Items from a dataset
*** Block opens ***
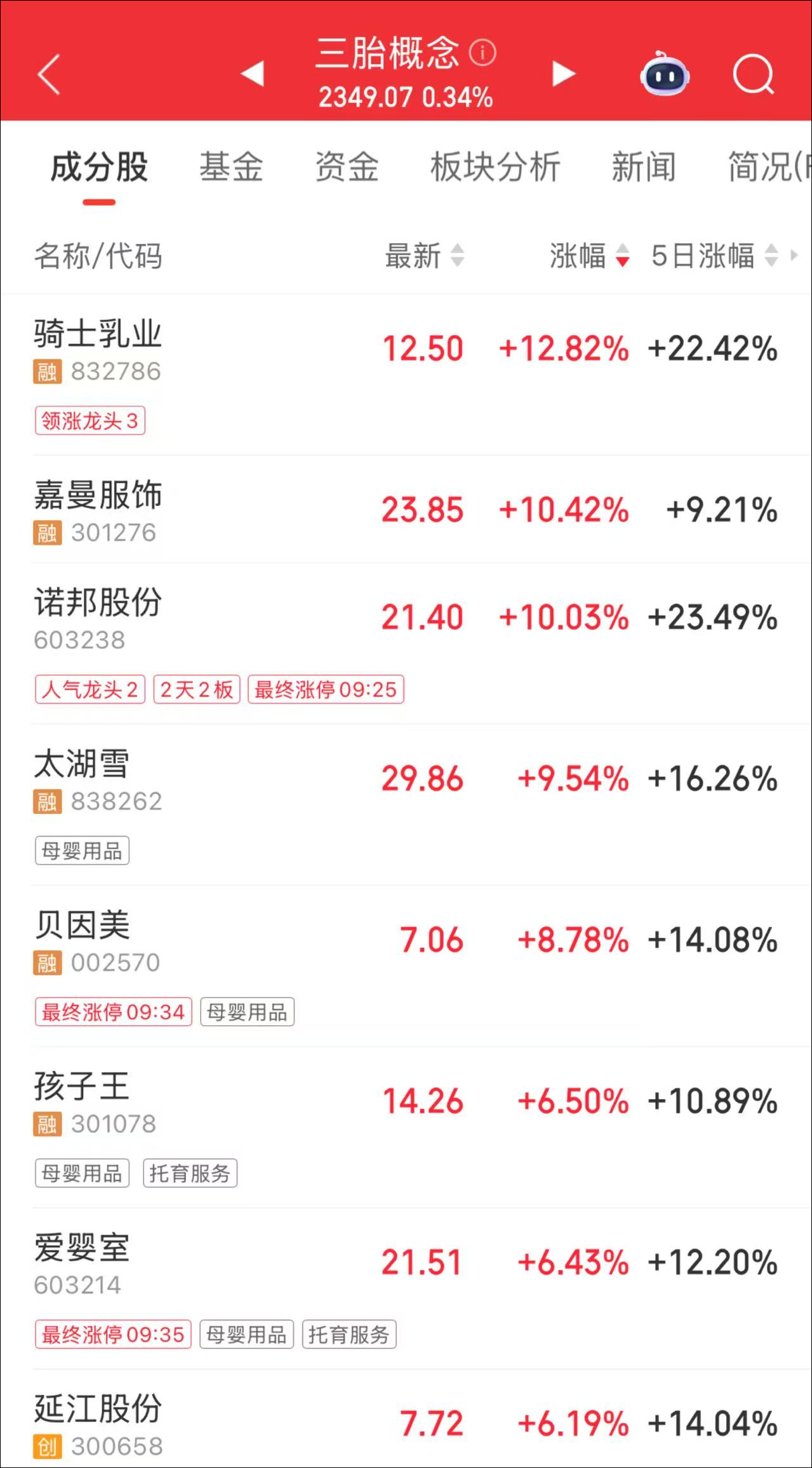 其中,骑士乳业涨超12%,嘉曼服饰涨停,与母婴零售相关的孩子王、婴幼儿纸品相关的中顺洁柔均大幅高开。
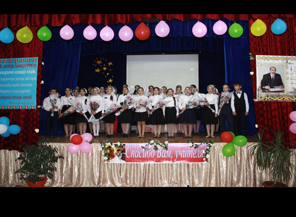 Эта знаменательная дата широко праздновалась в МБОУ «Энгель-ЮртовскаяСШ №1».Состоялся концерт под названием «Пока все дома». Здесь собрались дети, учителя и приглашённые гости: член Союза Писателей ЧР Рашидов Ш. Р., лучшие выпускники школы последних пяти лет, члены администрации села Энгель-Юрт, родительская общественность. Много тёплых слов в свой адрес услышали учителя-ветераны. Состоялись проводы на заслуженный отдых коллег, чествование совсем ещё молодых, приступивших в этом году к нелёгкой, но благородной работе учителя,педагогов.Неоценим в жизни школы труд директора. Именно от его деятельности зависит успешность школы. Вот уже 22 года Мосаев Д. Я. руководит нашей школой. Символично, что празднование юбилея пришёлся на День учителя. С глубоким уважением поздравили его соратники, коллеги и родственники.Такие мероприятия способствуют возрождению школьных традиций, развитию талантов и способностей учащихся, созданию положительного эмоционального настроя, пробуждению интереса к познанию действительности и к общению. Дети во всём блеске в своих выступлениях в заключительном слове пожелали присутствующим: Свершений творческих На ниве просвещенья, Полёта мысли, долгих, ярких лет, И быть вам нужными своей Отчизне, Ещё полсотни быстрокрылатых лет. Заместитель директора по ВР: Абдулмежидова М.Н.
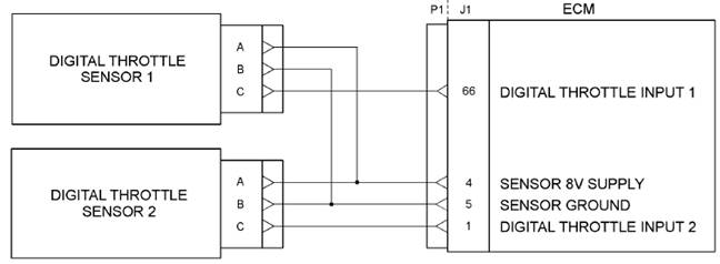 數(shù)字節(jié)氣門位置傳感器由+8VDC從ECM。電源電壓來(lái)自的j1:4終端”一個(gè)“數(shù)字油門位置傳感器連接器。
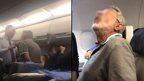 Vídeos divulgados na internet mostram o momento da contenção, o passageiro de barba e cabelos grisalhos questiona os comissários sobre o que ele teria feito para ser algemado. "Por que [a algema]? Sob a acusação de que? Qual a acusação?"
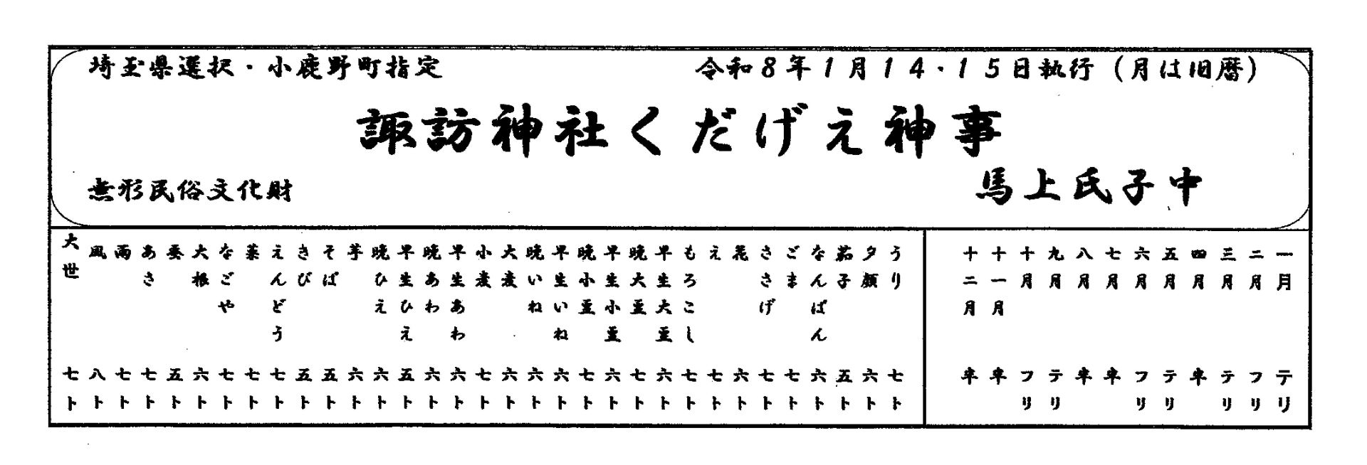 粥を使った占い行事は、三峯神社(秩父市大滝)や金鑚神社(神川町)などでも行われており、多くは神社内で神職が占うもので、馬上のように耕地の人々によって行われるのは貴重な例だと言われています。
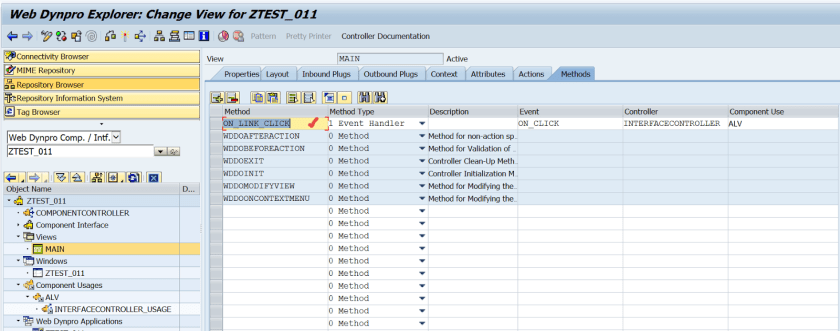 In the view Methods, add a new event handler view for the event ON_CLICK. which can be obtained form the F4 help.
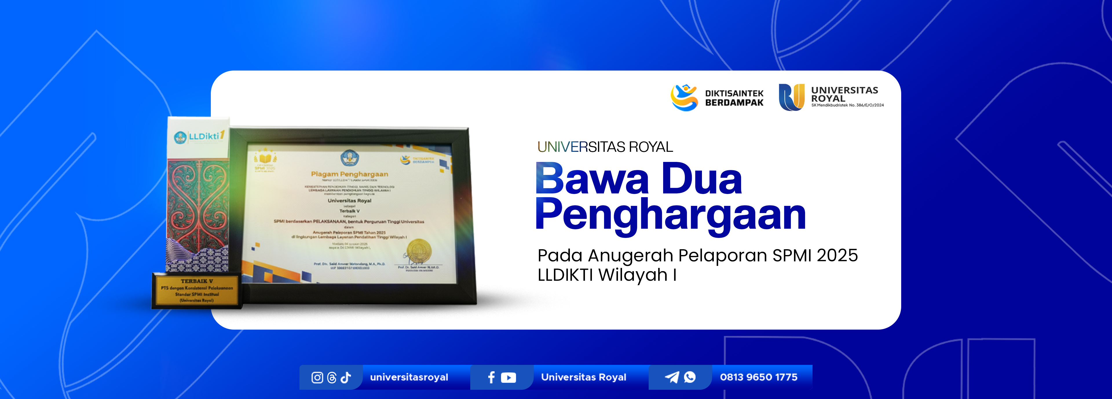 Universitas Royal kembali menorehkan prestasi membanggakan dengan meraih dua penghargaan pada ajang Anugerah Pelaporan Sistem Penjaminan Mutu Internal (SPMI) Tahun
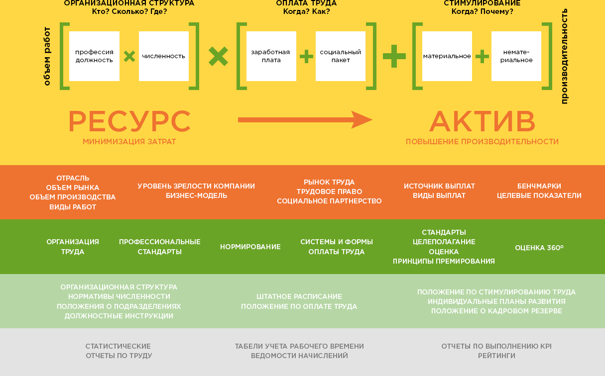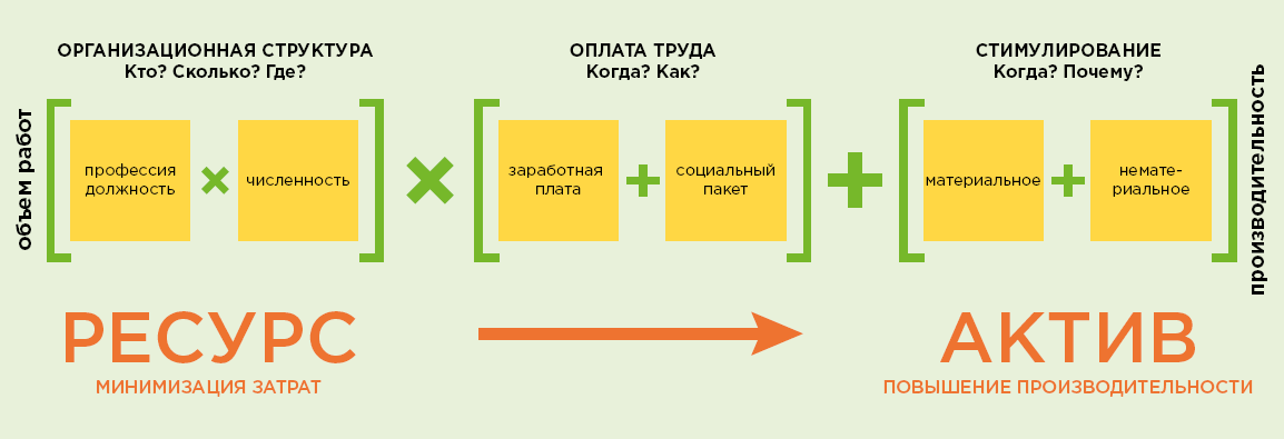 За основу мы взяли разработанную нами систему (условно назвали «Экосистема Ресурс-Труд-Актив»), которая описывает трансформацию труда из ресурса в ценный актив компании.
*** Block closes ***
## What to produce
The required result is an exact copy of the lines from the line containing "粥を使った占い行事は、三峯神" through the end of the entries, with every picture left out.

## Response area
 粥を使った占い行事は、三峯神社(秩父市大滝)や金鑚神社(神川町)などでも行われており、多くは神社内で神職が占うもので、馬上のように耕地の人々によって行われるのは貴重な例だと言われています。
 In the view Methods, add a new event handler view for the event ON_CLICK. which can be obtained form the F4 help.
 Universitas Royal kembali menorehkan prestasi membanggakan dengan meraih dua penghargaan pada ajang Anugerah Pelaporan Sistem Penjaminan Mutu Internal (SPMI) Tahun
 За основу мы взяли разработанную нами систему (условно назвали «Экосистема Ресурс-Труд-Актив»), которая описывает трансформацию труда из ресурса в ценный актив компании.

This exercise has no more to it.